/JsonMigrator

Small library to implement migration methods for classes serialized and stored as JSON

Primary LanguageC#GNU General Public License v3.0GPL-3.0

JsonMigrator

Nuget

Small library to implement migration methods for classes serialized and stored as JSON

Usage

Firstly, it is required to add a string property called JsonVersion to any class using migration methods. This property is used by JsonMigrator to determine which migration methods to execute. Secondly, JsonMigrator will automatically update the JsonVersion property, but it is not responsible for setting the correct version when creating an object using migration.

Say you have this class:

public class DummyClass  
{  
    public string JsonVersion { get; set; }      
    public string StringValue { get; set; }      
    public int IntegerValue { get; set; }      
}

Then you update your program and your class looks like this:

public class DummyClass  
{  
    public string JsonVersion { get; set; }      
    public string StringValue2 { get; set; }      
    public int IntegerValue2 { get; set; }      
}

After another update, your class looks like this:

public class DummyClass  
{  
    public string JsonVersion { get; set; }      
    public string StringValue3 { get; set; }      
    public int IntegerValue3 { get; set; }      
}

For users running the first or second version, their JSON will not deserialize correctly after updating to the latest version.

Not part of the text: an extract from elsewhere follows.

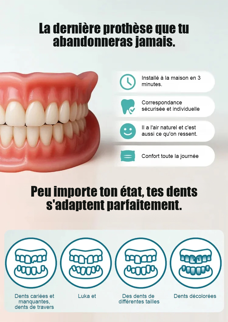 ✨ Vous avez des dents manquantes ou des espaces entre vos dents ? Notre kit de sourire flexible à faire soi-même révolutionne l'esthétique dentaire à domicile. 🥕Grâce à la technologie thermoplastique, le matériau s'adapte parfaitement à votre mâchoire une fois plongé dans l'eau chaude, créant ainsi un aligneur stable et d'apparence naturelle. Vous pouvez boire, manger et même croquer dans des pommes bien dures en toute simplicité. 🍃 Réutilisable et résistant aux taches, ce produit offre un confort optimal sans colle.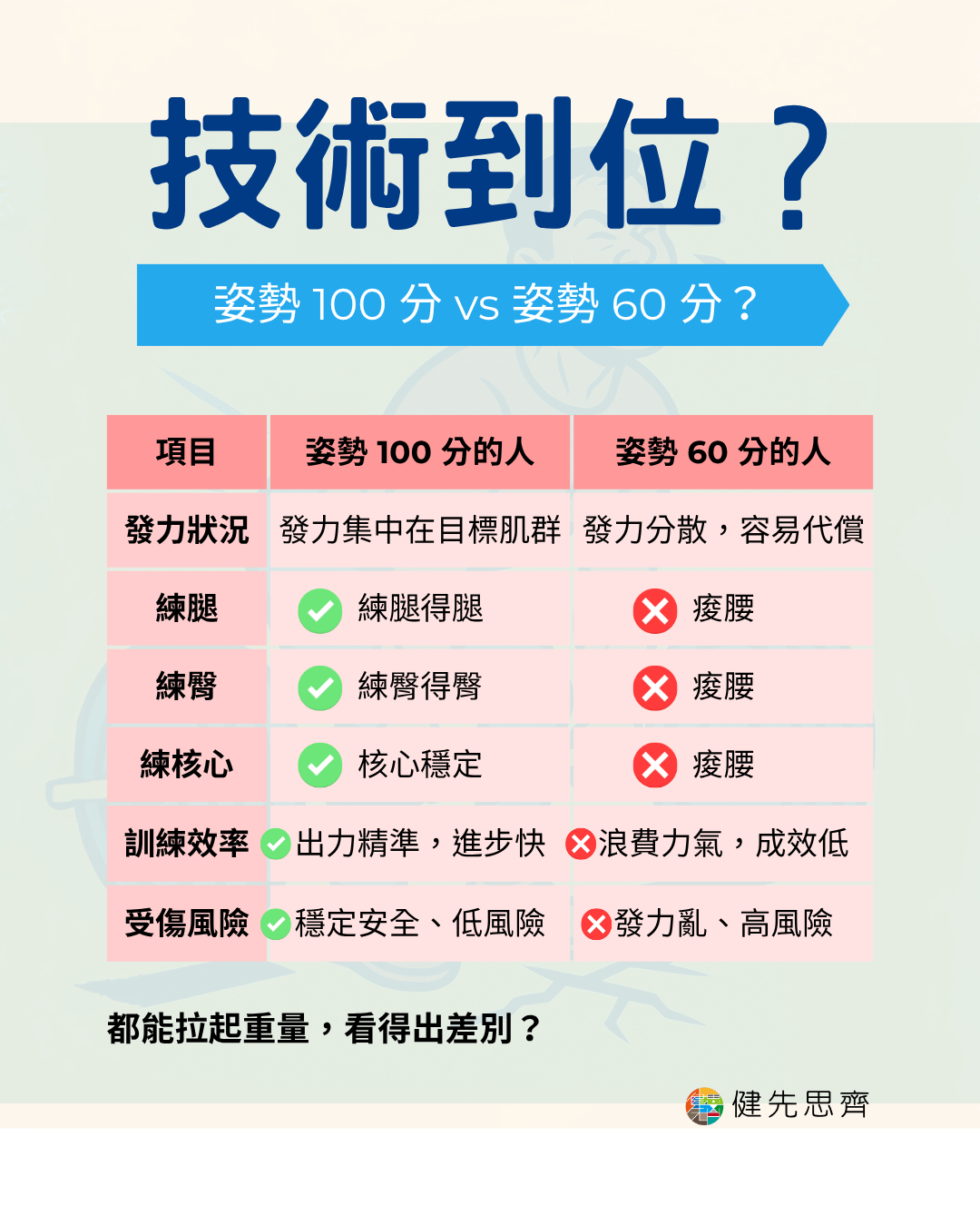 而姿勢 60 分的人,則容易在訓練時出現「錯誤發力」,練腿痠腰、練臀痠腰、練核心還是痠腰。如果觀念不足,可能這些痠痛代表進步。不但浪費力氣,還大幅提高受傷風險。

To fix this, add migration methods:

public class DummyClass
{
    public string JsonVersion { get; set; }

    public string StringValue3 { get; set; }

    public int IntegerValue3 { get; set; }

    [Migration("1", "2")]
    private static JToken Migration_1_2(JToken jToken)
    {
        //Version 1 had properties called StringValue and IntegerValue
        jToken["StringValue"].Rename("StringValue2");
        jToken["IntegerValue"].Rename("IntegerValue2");

        return jToken;
    }

    [Migration("2", "3")]
    private static JToken Migration_2_3(JToken jToken)
    {
        //Version 2 had properties called StringValue2 and IntegerValue2
        jToken["StringValue2"].Rename("StringValue3");
        jToken["IntegerValue2"].Rename("IntegerValue3");

        return jToken;
    }
}

Note that the Rename method is an extension method offered by JsonMigrator and not part of the standard Json.Net library. All migration methods must have the same signature: A migration attribute, private static, JToken return type and 1 JToken as parameter.

The migration can then be called using the following code:

var jtoken = JToken.Parse("{\"JsonVersion\":\"1\",\"StringValue\":\"String1\",\"IntegerValue\":1}");
jtoken = JsonMigrator.Migrate<DummyClass>(jtoken);
var dummy = jtoken.ToObject<DummyClass>();

The dummy object will now have migrated to version 3.